[Mathreu] [Fwd: 2008 SUMS Conference October 18]

[Kevin James]

-------- Original Message --------
Subject: 	2008 SUMS Conference October 18
Date: 	Tue, 26 Aug 2008 21:14:21 -0400 (EDT)
From: 	Laura Taalman <taal at math.jmu.edu>
To: 	EB <brownet at math.jmu.edu>, Laura Taalman <taal at math.jmu.edu>



CONFERENCE ANNOUNCEMENT AND CALL FOR UNDERGRADUATE PAPERS AND POSTERS

SUMS Conference
October 18, 2008
James Madison University
Harrisonburg, Virginia (about two hours west of D.C.)

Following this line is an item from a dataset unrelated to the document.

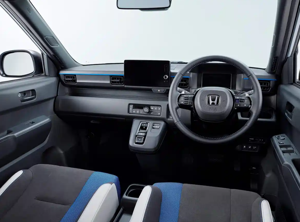 内饰则主打简约复古风,完美诠释日本小型车文化精髓。中控台布局清爽,悬浮式中控屏与物理按键搭配,兼顾科技感与操作便利性。蓝色装饰线条的点缀,既凸显其电动身份,又为复古基调注入现代活力,没有多余复杂元素,却在细节中传递出实用主义美学。

The fourth annual Shenandoah Undergraduate Mathematics and Statistics 
(SUMS) Conference at James Madison University is a one-day undergraduate 
research conference that will feature:

* undergraduate contributed talks on their mathematical research

* undergraduate and high school poster sessions on research and expository 
topics

* panel sessions on REU programs, graduate school, and industry

* an opening address by Michael Mossinghoff, University of South Carolina 
and Davidson College

* a closing address by Robin Wilson, Cal Poly Pomona

* a special AMC workshop for high school students and faculty

Last year, SUMS hosted 237 conference participants from 32 colleges and 
universities and 14 high schools, and featured 28 student talks and 32 
student posters.

Registration and lunch are free.  Limited travel funds are available on a 
rolling application basis.  The deadline for registration and abstract 
submission is October 3.

For more information, please contact either of the SUMS Directors at the 
email addresses below.  A poster for the conference is attached to this 
email.  Abstracts for the invited addresses are listed below.  Visit 
www.math.jmu.edu/SUMS for registration and scheduling information.

Thank you,
Elizabeth Brown (brownet at math.jmu.edu)
Laura Taalman (taal at math.jmu.edu)
SUMS Directors


**************************
SUMS 2008 Opening Speaker (10 AM):
Michael Mossinghoff, University of South Carolina and Davidson College

Sufferin' Succotash!  A Problem of Sylvester's

Abstract: Suppose a finite number of points are placed in the plane in 
such a way that they do not all lie on the same line. Must there exist a 
line that connects exactly two of the points?  Suppose each of the points 
are then colored red or blue in some way. Must there exist a line that 
joins two or more points of one color, but intersects none of the other 
color? Can you always join exactly two points of one color and none of the 
other? Does anything change if you have an infinite number of points? 
We'll investigate these questions, some of which were raised more than a 
century ago by the British mathematician James Joseph Sylvester. We'll 
describe some novel methods used to investigate these problems, and 
discuss several interesting results, including some contributions made by 
undergraduate students.

Biography:  Michael Mossinghoff has a Ph.D. in mathematics from the 
University of Texas at Austin, and a master's degree in computer science 
from Stanford University.  After teaching at Appalachian State University 
and at UCLA, he joined the faculty at Davidson College in 2002, where he 
teaches mathematics and computer science.  For the current academic year, 
he is a visiting associate professor in the Department of Mathematics at 
the University of South Carolina.  His research studies algorithmic and 
analytic problems in number theory and discrete geometry, and extremal 
problem on integer polynomials.  His article A $1 Problem won the Lester 
R. Ford prize for exposition from the Mathematical Association of America 
in 2007.  The second edition of his book, Combinatorics and Graph Theory, 
co-authored with John Harris and Jeffry Hirst, has just been published by 
Springer Verlag.

**************************
SUMS 2008 Closing Speaker (4 PM):
Robin Wilson, Cal Poly Pomona

Knots, Surfaces, and 3-Manifolds

Abstract: The areas of knot theory and 3-manifold topology are closely 
related. In fact, the exterior of a knot is itself an example of a 
3-manifold. One approach to studying 3-manifolds is to understand the 
surfaces that are contained in them. In this talk I will give an 
introduction to knot theory, its connections with 3-manifold topology, and 
the study of surfaces in 3-manifolds and knot exteriors. I will also 
discuss some recent research about bridge surfaces in knot complements.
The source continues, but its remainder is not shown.